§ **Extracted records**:
________________________

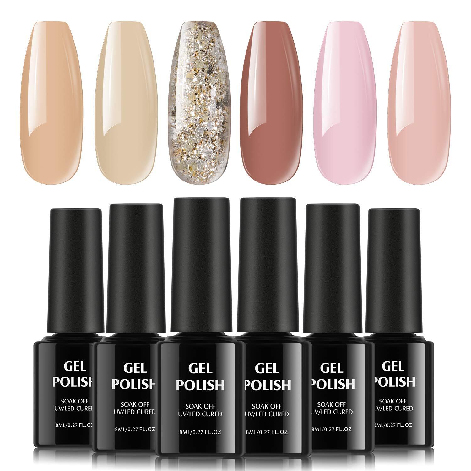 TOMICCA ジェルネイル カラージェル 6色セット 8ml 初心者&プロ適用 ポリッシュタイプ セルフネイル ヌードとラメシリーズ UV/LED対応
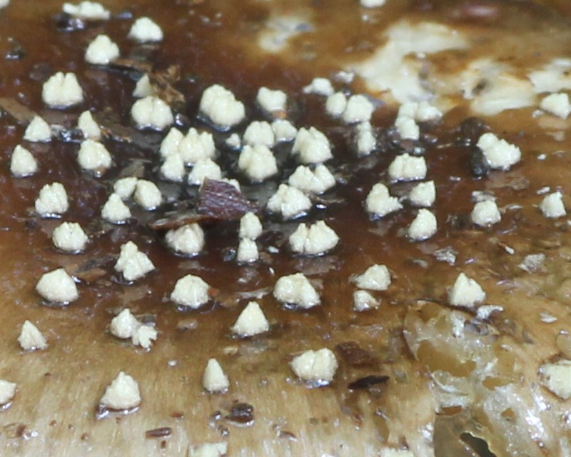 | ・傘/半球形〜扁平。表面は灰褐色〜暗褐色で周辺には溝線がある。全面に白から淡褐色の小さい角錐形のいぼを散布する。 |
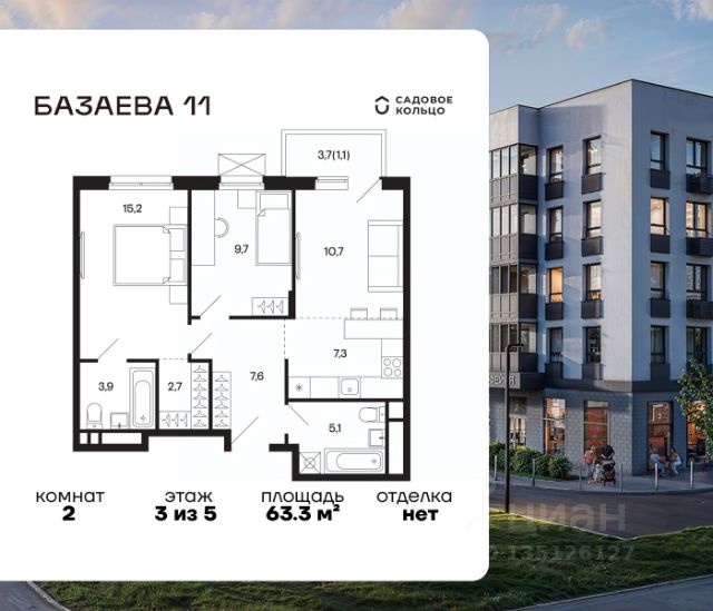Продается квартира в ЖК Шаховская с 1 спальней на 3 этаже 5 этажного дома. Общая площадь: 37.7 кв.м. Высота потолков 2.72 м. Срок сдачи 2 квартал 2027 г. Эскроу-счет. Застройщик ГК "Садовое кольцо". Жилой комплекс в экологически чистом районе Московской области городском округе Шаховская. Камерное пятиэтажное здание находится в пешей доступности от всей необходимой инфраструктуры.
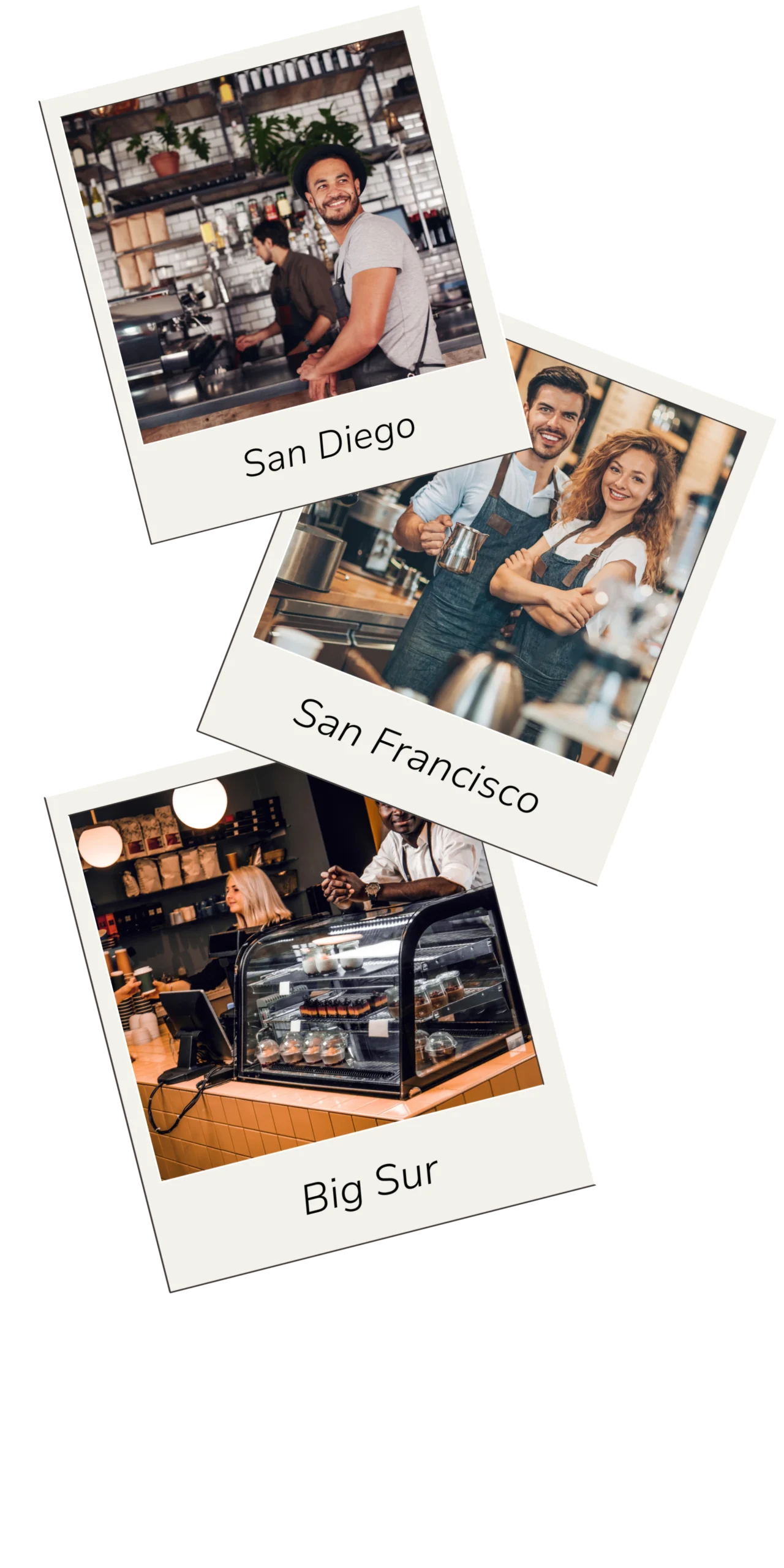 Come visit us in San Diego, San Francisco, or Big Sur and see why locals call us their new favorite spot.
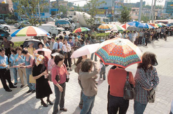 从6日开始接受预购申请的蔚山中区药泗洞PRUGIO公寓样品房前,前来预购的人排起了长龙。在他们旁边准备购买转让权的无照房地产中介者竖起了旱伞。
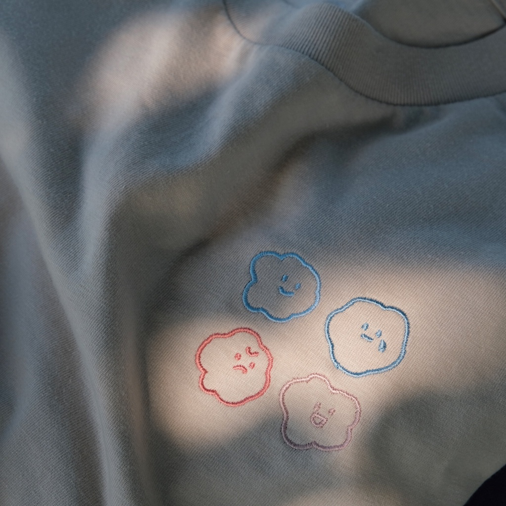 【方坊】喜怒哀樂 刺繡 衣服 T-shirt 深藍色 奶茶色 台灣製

________________________

The lines above should be transcribed exactly, with every image removed.

 TOMICCA ジェルネイル カラージェル 6色セット 8ml 初心者&プロ適用 ポリッシュタイプ セルフネイル ヌードとラメシリーズ UV/LED対応
 | ・傘/半球形〜扁平。表面は灰褐色〜暗褐色で周辺には溝線がある。全面に白から淡褐色の小さい角錐形のいぼを散布する。 |
Продается квартира в ЖК Шаховская с 1 спальней на 3 этаже 5 этажного дома. Общая площадь: 37.7 кв.м. Высота потолков 2.72 м. Срок сдачи 2 квартал 2027 г. Эскроу-счет. Застройщик ГК "Садовое кольцо". Жилой комплекс в экологически чистом районе Московской области городском округе Шаховская. Камерное пятиэтажное здание находится в пешей доступности от всей необходимой инфраструктуры.
 Come visit us in San Diego, San Francisco, or Big Sur and see why locals call us their new favorite spot.
 从6日开始接受预购申请的蔚山中区药泗洞PRUGIO公寓样品房前,前来预购的人排起了长龙。在他们旁边准备购买转让权的无照房地产中介者竖起了旱伞。
 【方坊】喜怒哀樂 刺繡 衣服 T-shirt 深藍色 奶茶色 台灣製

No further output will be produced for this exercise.